Пожалуй, в бинокль можно было бы увидеть розовые столбы Ясной Поляны.
Кстати, о Толстом.
Потеря слуха не могла помешать Мусатову обмениваться с ним мыслями. Читать было трудно. Ночной спор продолжался.
Толстого мучили внутренние противоречия. Его тактика была слишком сложной для прямого и широкого нападения. Он чересчур хитрил и сам путался в своих хитростях.
Самолет падал в ямы. Сердце теряло вес и повисало в воздухе, не поспевая за падающим телом. Оно повисло между небом и землей, как пустое яйцо.
Толстой с силой втискивал маленькие кулачки за ремешок пояса.

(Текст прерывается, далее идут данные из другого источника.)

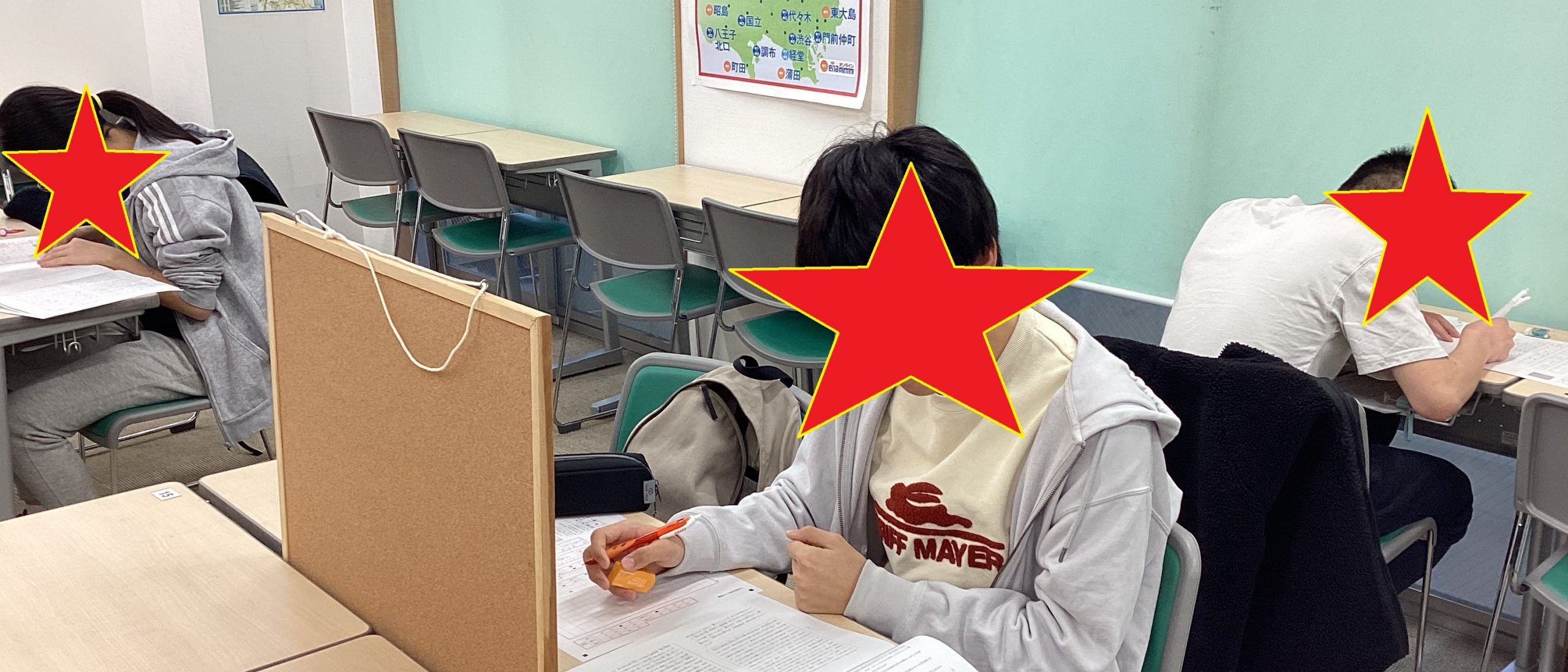 今回は、普段の教室ではなく、緊張感を持たせるため、場を変えて自習室にて、指定席で受けてもらいました。

Шла борьба за власть между бытием и сознанием. Сознание мерцало, и гасло, и меняло цвета. Бытие стояло вокруг прочной средой пространства и времени, смешанных в полете.
Толстой никак не мог справиться со своими персонажами. В самые решительные минуты они вдруг вырывались из рук и начинали действовать вопреки его намерениям. Они грубо выходили из повиновения, но он, верный своим нравственным правилам, не смел применить к ним насилия.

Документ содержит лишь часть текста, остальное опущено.